Kohlberger eyed the seas a moment and replied, "Maybe four to five." Then the bow went over the swell and dropped into a deep trough, tossing spray to each side. "Or more," he amended.
This was a real sea trial, not one of those smooth-water cruises. And the 95 was showing her seaworthy breeding. The owner, the captain and the representatives from Cheoy Lee were all smiling. Sure, the props were a bit wanky: easily cured. But the technicians aboard to test the autopilot found it tracked impeccably even in quartering seas, and the Naiad stabilizers kept her as steady as a lighthouse. She punched into the head seas with aplomb and, surfing down-sea, tracked with fingertip adjustments.
The Cheoy Lee 95 is the latest in the 135-year legacy of this Far East builder, where literally generations of the same families have refined their skills while adding new technology. For decades, Cheoy Lee has been synonymous with Hong Kong, but the 95 is one of the first to be built at the new state-of-the-art shipyard in Doumen, China.
She is also the first launch from the new pairing of Cheoy Lee with naval architect M.G. Burvenich, and it's clearly a comfortable match. Burvenich had worked in the Fexas design office on previous Cheoy Lee projects; now on his own, he's stamped the yacht with his imprimatur.
The most obvious difference is the absence of the typical Fexas sheerline forward with its drooping clipper bow. Instead, the new 95 has upswept bulwarks surrounding the foredeck and a stainless steel handrail that rises subtly to give an even higher effect. There's no question that the designer had to push the cabin house far forward in order to accommodate the on-deck master suite, but the proud bow defuses any appearance of being heavy.
The most unusual feature of this 95 is the "non-pilothouse" pilothouse in between the saloon level and the enclosed flybridge. In profile, the 95 looks like a typical raised-pilothouse motoryacht but, in fact, the usual lower helm has been turned into a comfy lounge with a curved sofa, wide table and a great view through the forward windows. You can opt to have Cheoy Lee install a helm here but, with an enclosed flying bridge just steps away, why bother?

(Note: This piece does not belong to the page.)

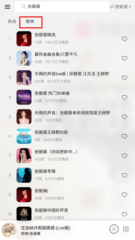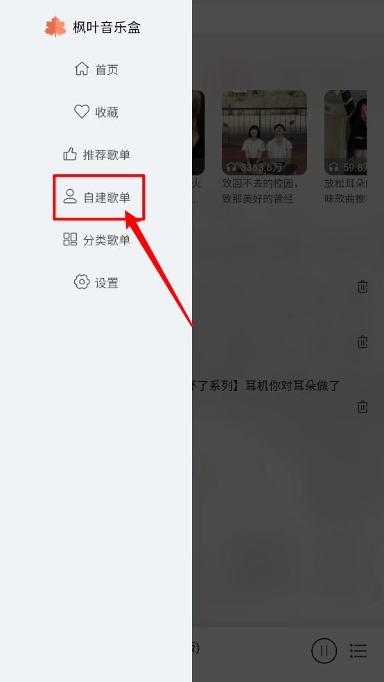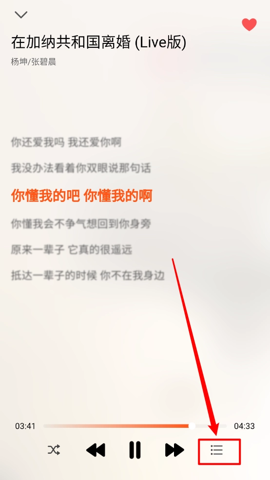 打开枫叶音乐盒,进入播放页面后,点击右下角的“列表”图标。

Besides, this "observation lounge" is a great place to watch the world go past. You're close to the galley, amidships for minimum motion and protected from wind, spray, heat or cold. David Sale and I settled into the deep leather cushions; Sale grinned and said, "I'm gonna like this."
Sale is a yacht broker's dream. "I saw the 95 at the Fort Lauderdale Boat Show, walked through her at six o'clock, and bought her at six forty-five. 'Course, then I had to call Bernice to tell her what I'd done," he says with a wink. "But she was good with it."
Bernice Sale probably had a pretty good idea what her husband, an automobile dealer and former owner of a race-car team, had in mind. Although the couple had been away from the water for five years, they'd owned a Cheoy Lee 81 before that.
This 95 had been built as a spec boat but, unlike many plain-vanilla spec boats designed not to offend potential buyers, had been given a warm and inviting look by interior designer Lisa Pirofsky. With raised mahogany paneling, it is reminiscent of a fine men's club.